| Information supplied |
******************************
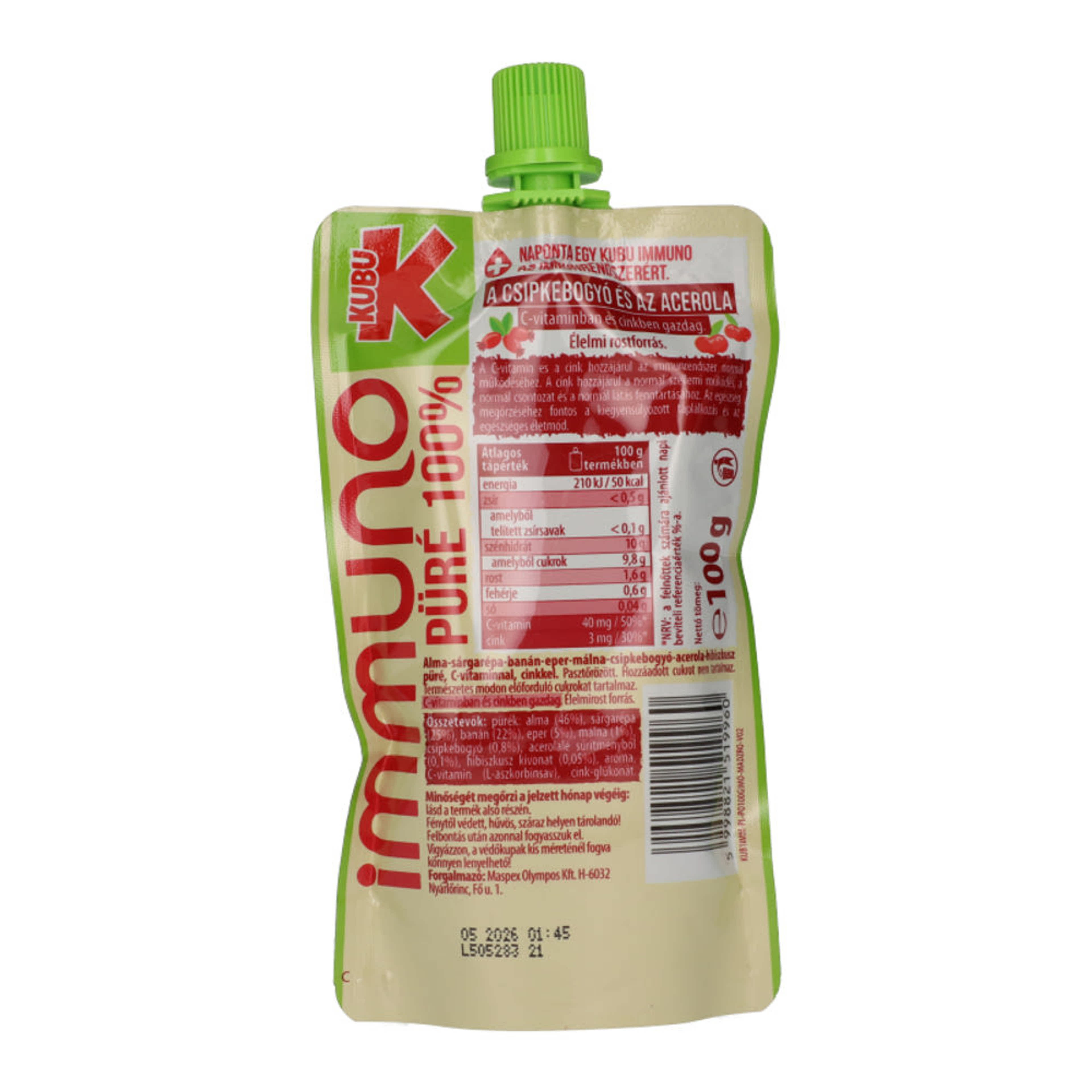 Kubu Immuno alma-banán-eper-sárgarépa gyümölcs- és zöldségpüré - 100 g
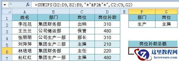 4、包含关键字的多条件求和要求:统计部门包含“生产”,并且岗位为主操的补助总额公式:=SUMIFS(D2:D9,B2:B9,”*”&F2&”*”,C2:C9,G2)
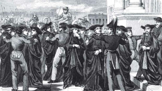 "Внезапная смерть Павла I была для иезуитов не только неожиданностью, но и нравственным поражением, - подчеркивалось в вышедшей в 1870 году книге священника Михаила Морошкина "Иезуиты в России, с царствования Екатерины II и до нашего времени". - Иезуиты боятся Палена (граф Петр Пален – организатор заговора против Павла I. – "Газета.Ru"). Удаление от дела правления Палена принято было иезуитами за хорошее предзнаменование. Самостоятельное правление Александра I если не возбуждало в иезуитах больших надежд, то и не представляло больших опасений для их ордена. Лица, стоявшие близко к Александру I, были или прямые защитники и покровители иезуитов, или косвенно содействовали их видам и делам".
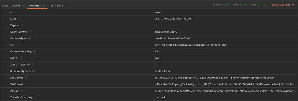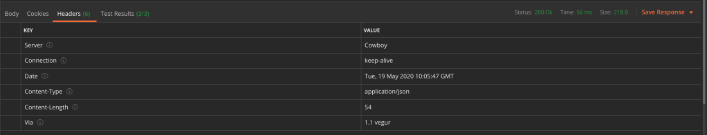 Next, we can look at the response. Firstly we can see the status code and response time:
******************************
| Your objective |
The line containing "4、包含关键字的多条件求和要" marks the end; please output exactly the lines of the listing above from its first line through that line, without pictures.

| Response to the exercise |
 Kubu Immuno alma-banán-eper-sárgarépa gyümölcs- és zöldségpüré - 100 g
 4、包含关键字的多条件求和要求:统计部门包含“生产”,并且岗位为主操的补助总额公式:=SUMIFS(D2:D9,B2:B9,”*”&F2&”*”,C2:C9,G2)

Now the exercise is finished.